EXCERPTED RECORDS:
>>>

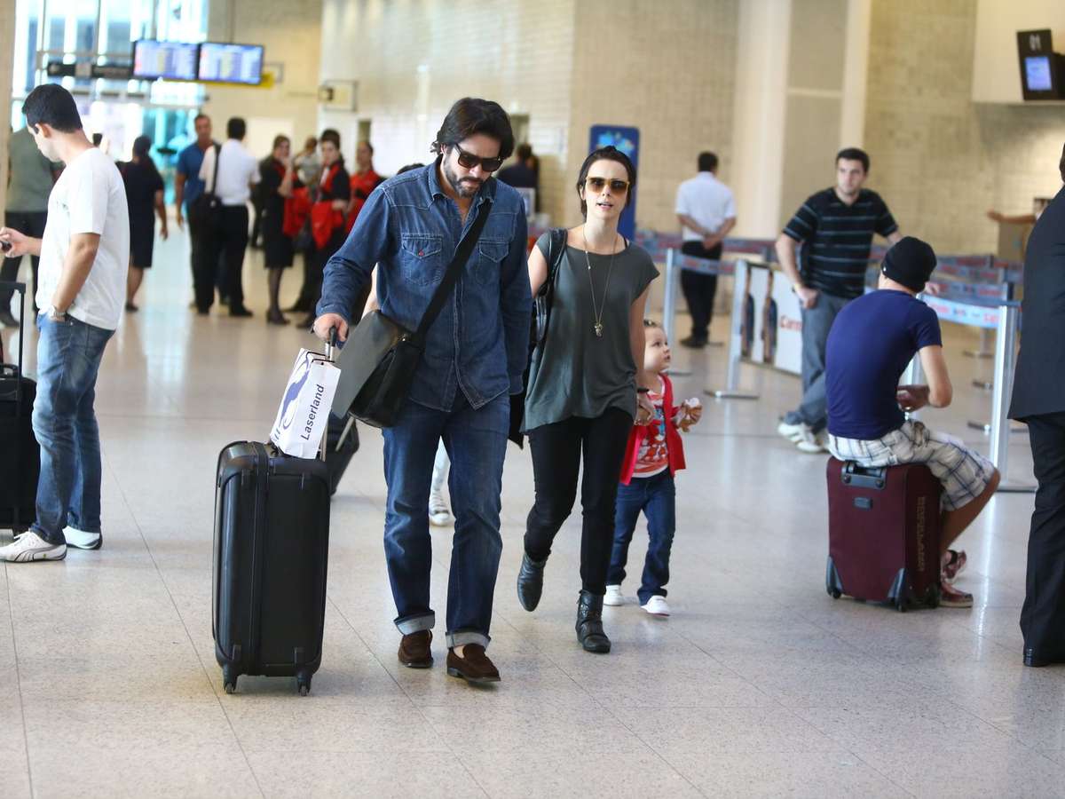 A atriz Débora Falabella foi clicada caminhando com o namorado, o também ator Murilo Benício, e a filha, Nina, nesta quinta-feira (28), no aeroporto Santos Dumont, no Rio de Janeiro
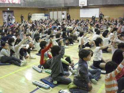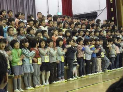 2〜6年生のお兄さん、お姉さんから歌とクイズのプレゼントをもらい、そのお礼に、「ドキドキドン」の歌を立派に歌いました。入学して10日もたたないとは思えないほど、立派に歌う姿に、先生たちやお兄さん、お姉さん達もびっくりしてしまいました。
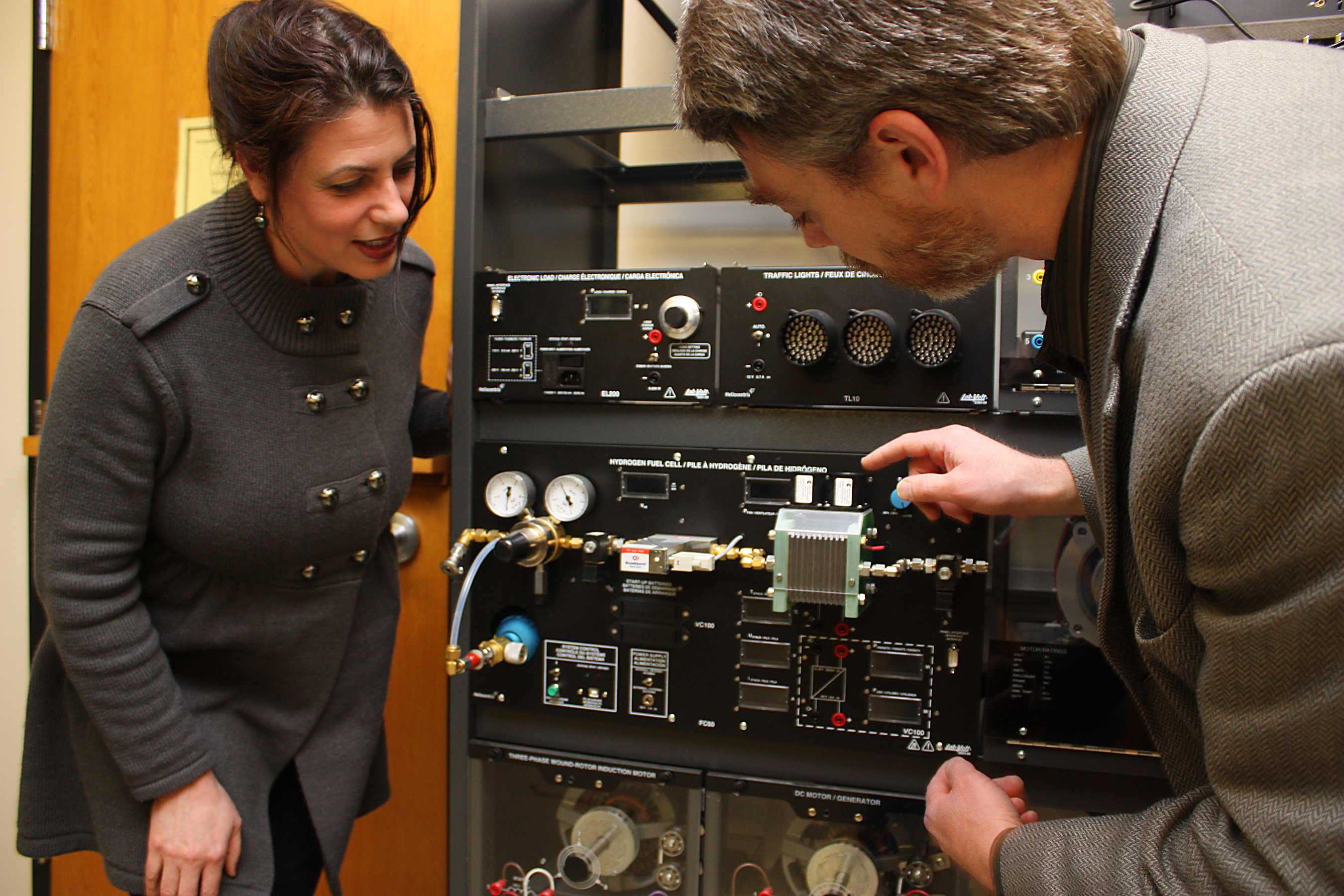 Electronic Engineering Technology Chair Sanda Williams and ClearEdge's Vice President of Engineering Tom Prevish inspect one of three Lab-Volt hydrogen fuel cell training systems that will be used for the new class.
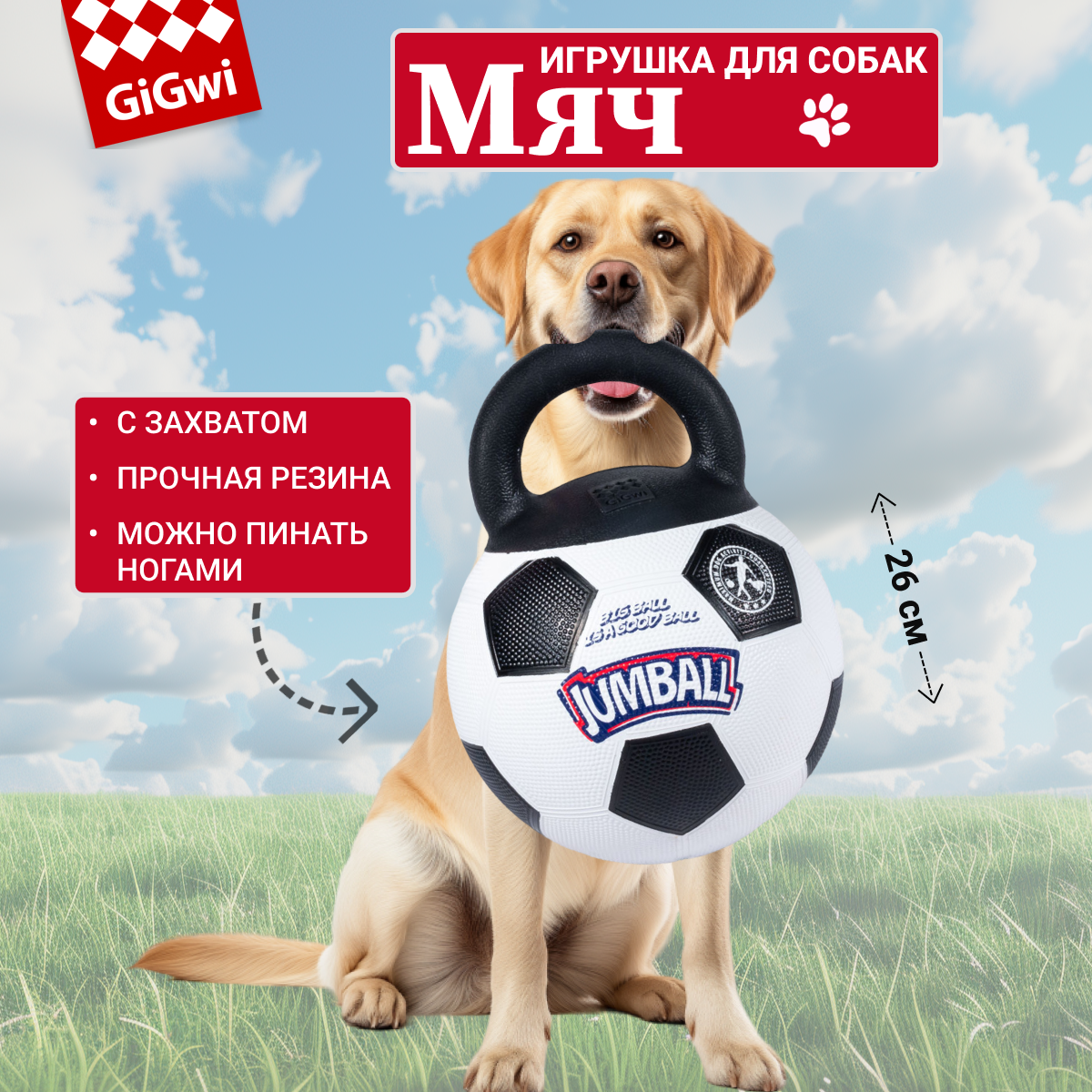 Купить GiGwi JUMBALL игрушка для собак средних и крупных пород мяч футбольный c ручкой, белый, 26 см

<<<
>>>

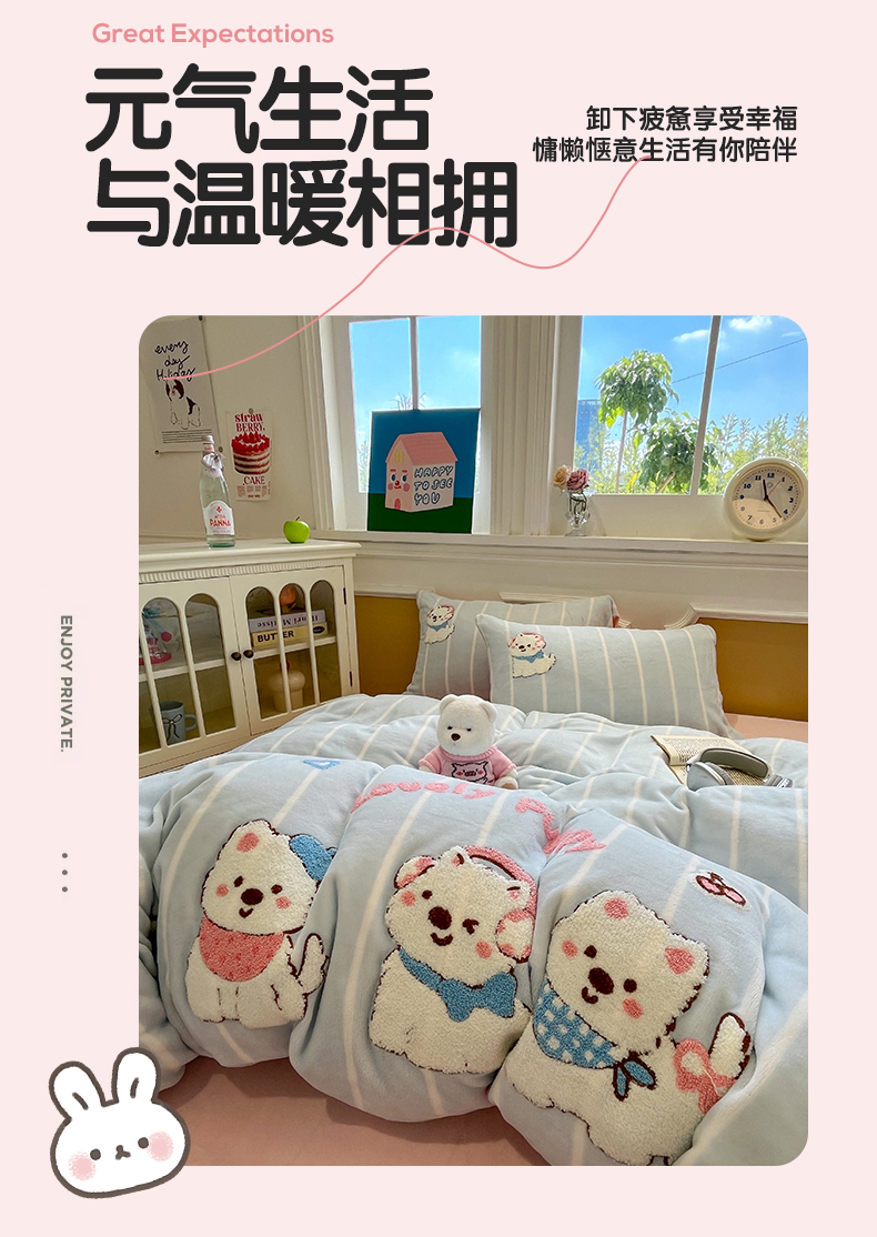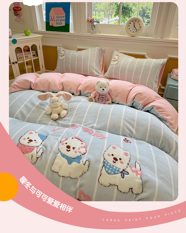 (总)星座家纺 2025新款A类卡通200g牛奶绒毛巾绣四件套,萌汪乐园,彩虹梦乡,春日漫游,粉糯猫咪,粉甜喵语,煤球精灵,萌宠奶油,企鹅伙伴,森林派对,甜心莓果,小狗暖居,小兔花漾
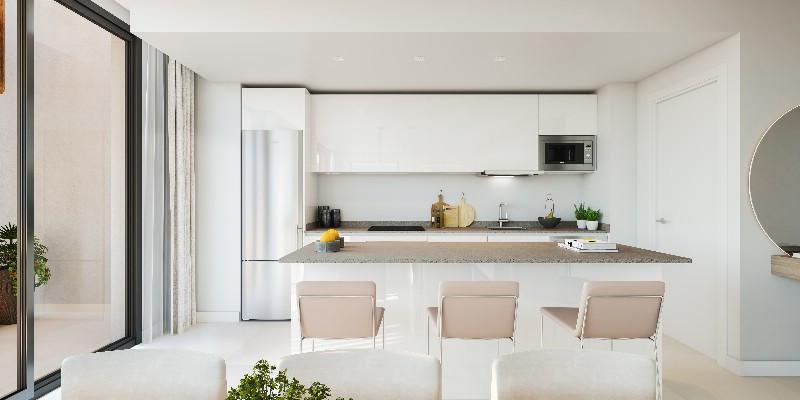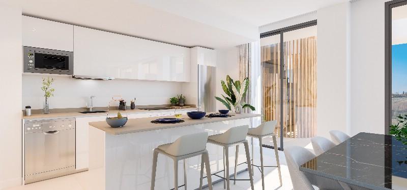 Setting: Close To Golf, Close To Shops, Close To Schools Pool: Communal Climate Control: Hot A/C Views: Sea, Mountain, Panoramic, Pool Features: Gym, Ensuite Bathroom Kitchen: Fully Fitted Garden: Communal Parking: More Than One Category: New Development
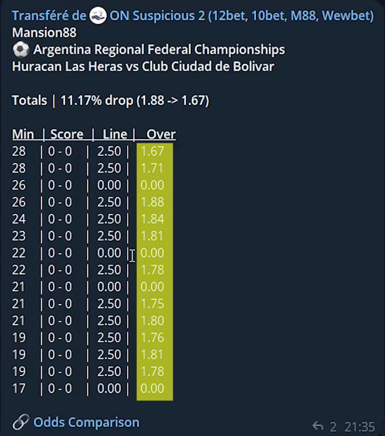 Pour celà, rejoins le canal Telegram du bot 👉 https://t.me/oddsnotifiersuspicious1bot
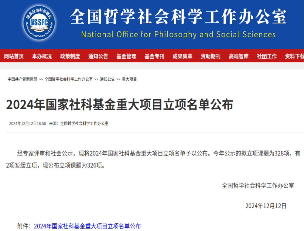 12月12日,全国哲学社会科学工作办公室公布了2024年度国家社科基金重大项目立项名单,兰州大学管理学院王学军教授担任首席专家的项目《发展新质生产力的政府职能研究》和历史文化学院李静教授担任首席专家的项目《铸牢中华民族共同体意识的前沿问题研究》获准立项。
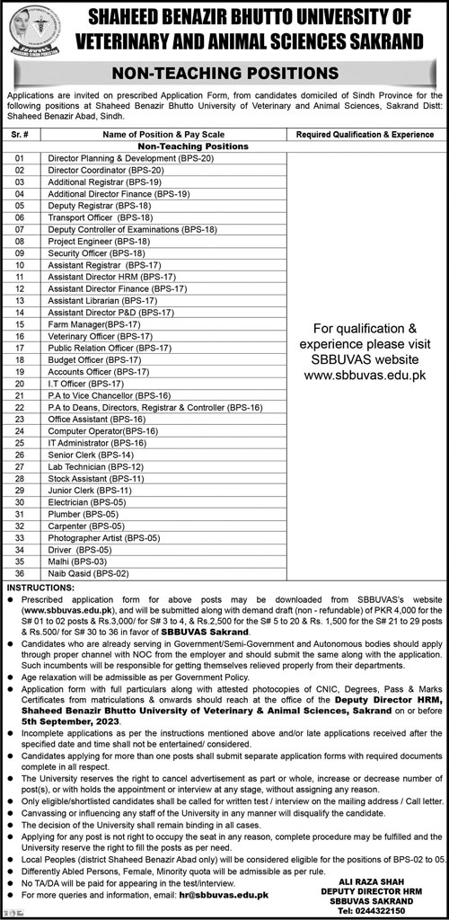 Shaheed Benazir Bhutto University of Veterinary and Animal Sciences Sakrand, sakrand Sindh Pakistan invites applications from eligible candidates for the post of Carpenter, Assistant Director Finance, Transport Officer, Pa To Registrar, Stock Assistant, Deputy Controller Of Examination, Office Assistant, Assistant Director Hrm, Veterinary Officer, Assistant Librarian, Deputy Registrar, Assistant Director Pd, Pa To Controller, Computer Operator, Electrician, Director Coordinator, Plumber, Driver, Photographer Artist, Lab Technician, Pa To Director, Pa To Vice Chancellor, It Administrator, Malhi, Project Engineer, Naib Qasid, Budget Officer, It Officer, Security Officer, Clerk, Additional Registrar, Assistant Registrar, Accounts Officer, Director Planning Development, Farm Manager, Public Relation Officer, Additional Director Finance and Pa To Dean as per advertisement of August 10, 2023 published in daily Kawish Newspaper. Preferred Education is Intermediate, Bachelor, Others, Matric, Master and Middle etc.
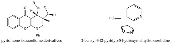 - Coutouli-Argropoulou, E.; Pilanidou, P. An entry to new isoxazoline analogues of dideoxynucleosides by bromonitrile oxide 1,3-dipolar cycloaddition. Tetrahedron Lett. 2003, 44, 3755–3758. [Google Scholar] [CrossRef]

<<<
>>>

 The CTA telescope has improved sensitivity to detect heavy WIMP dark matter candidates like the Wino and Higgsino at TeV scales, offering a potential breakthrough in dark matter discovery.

<<<

WHAT NEEDS TO BE DONE:
Start at the line above containing "Setting: Close To" and stop at the line containing "12月12日,全国哲学社会科": print those lines and everything between them exactly, but not the pictures.

TASK ANSWER:
 Setting: Close To Golf, Close To Shops, Close To Schools Pool: Communal Climate Control: Hot A/C Views: Sea, Mountain, Panoramic, Pool Features: Gym, Ensuite Bathroom Kitchen: Fully Fitted Garden: Communal Parking: More Than One Category: New Development
 Pour celà, rejoins le canal Telegram du bot 👉 https://t.me/oddsnotifiersuspicious1bot
 12月12日,全国哲学社会科学工作办公室公布了2024年度国家社科基金重大项目立项名单,兰州大学管理学院王学军教授担任首席专家的项目《发展新质生产力的政府职能研究》和历史文化学院李静教授担任首席专家的项目《铸牢中华民族共同体意识的前沿问题研究》获准立项。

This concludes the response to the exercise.